Директор предупредительно распахивает двери, и руководящая группа, топая, как октябрята на выпасе, гуськом покидает кабинет.
– Я догадываюсь, зачем вы пришли, – не дожидаясь Татьяниных объяснений, говорит Юрий Михайлович. – Вы хотите уговорить меня аннулировать приказ об увольнении. Разочарую вас сразу – этого не будет.
Он едва успевает договорить фразу – и Татьяна тотчас, без всякой подготовки, начинает плакать. Глаза ее мгновенно набухают прозрачной влагой, нос краснеет, губы складываются в обиженную гримасу.
– Это жестоко, жестоко! – сглатывая слезы, говорит Татьяна. – Может быть, актеры повели себя немного легкомысленно, но нельзя же приговаривать за это к смертной казни!.. А увольнение – это казнь!
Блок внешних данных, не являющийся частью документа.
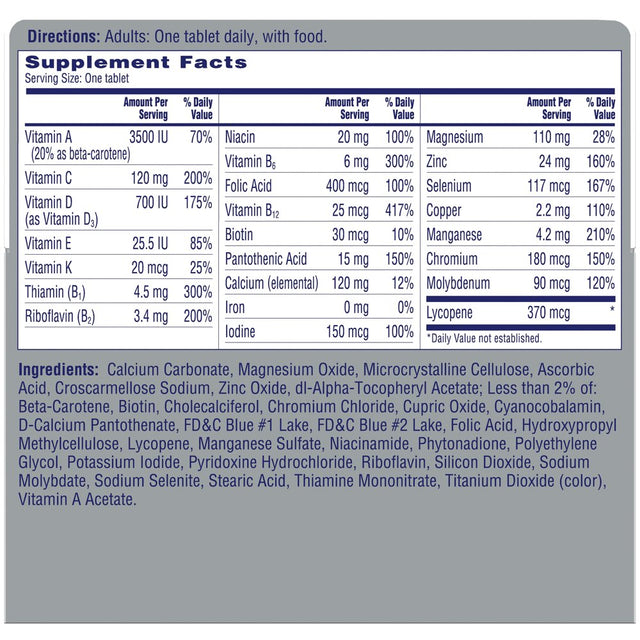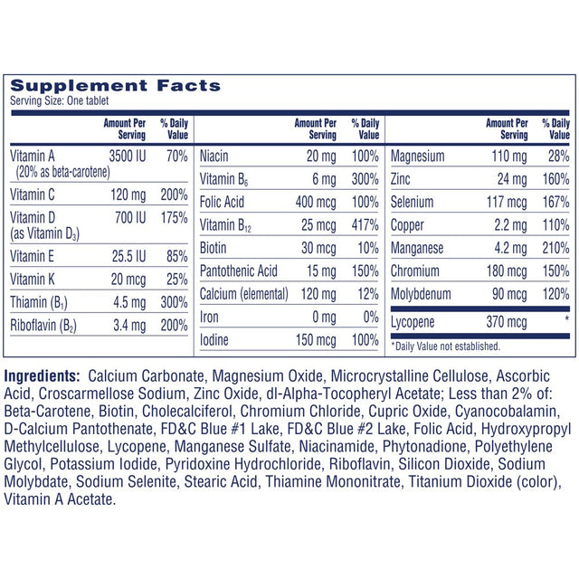 Calcium Carbonate, Magnesium Oxide, Microcrystalline, Cellulose, Ascorbic Acid, Croscarmellose Sodium, Zinc Oxide, Dl-Alpha-Tocopheryl Acetate, Less than 2% of Beta-Carotene, Biotin, Cholecalciferol, Chromium Chloride, Cupric Oxide, Cyanocobalamin, D-Calcium Pantothenate, FD&C Blue 1 Lake, FD&C Blue 2 Lake, Folic Acid, Hydroxypropyl Methylcellulose, Lycopene, Manganese Sulfate, Niacinamide, Phytonadione, Polyethylene Glycol, Potassium Iodide, Pyridoxine Hydrochloride, Riboflavin, Silicon Dioxide, Sodium Molybdate, Sodium Selenite, Stearic Acid, Thiamine Mononitrate, Titanium Dioxide (Color), Vitamin A Acetate./div>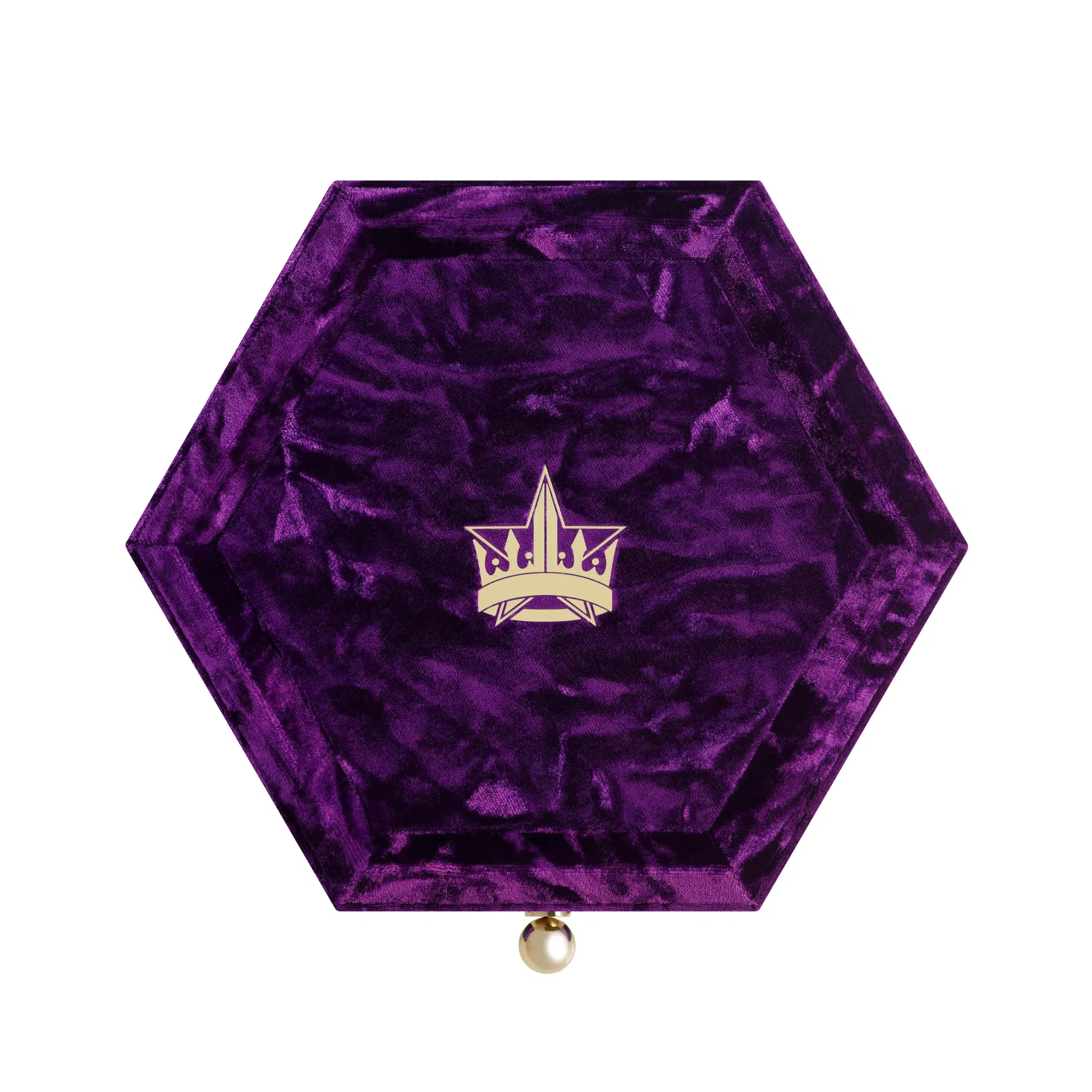 Presented in a high-end, crushed faux-velvet hexagon with a gold metal clasp for that mischievously royal final touch.

– Перестаньте демонстрировать свои профессиональные навыки! – Юрий Михайлович избегает смотреть на Татьяну. – Актерские слезы – недорогой товар. Этому учат в любом театральном институте.
– А в женские слезы вы верите? – Татьяна поднимает опухшие от слез веки. – Вы – сильный, умный, добрый человек. Ну почему вам так нравится выглядеть извергом?
– Я – изверг? – Юрий Михайлович возмущенно разводит руками. – А Рябинин кто – ангел? Он же вас предал!.. Почему же вы обвиняете всех вокруг, а его берете под защиту?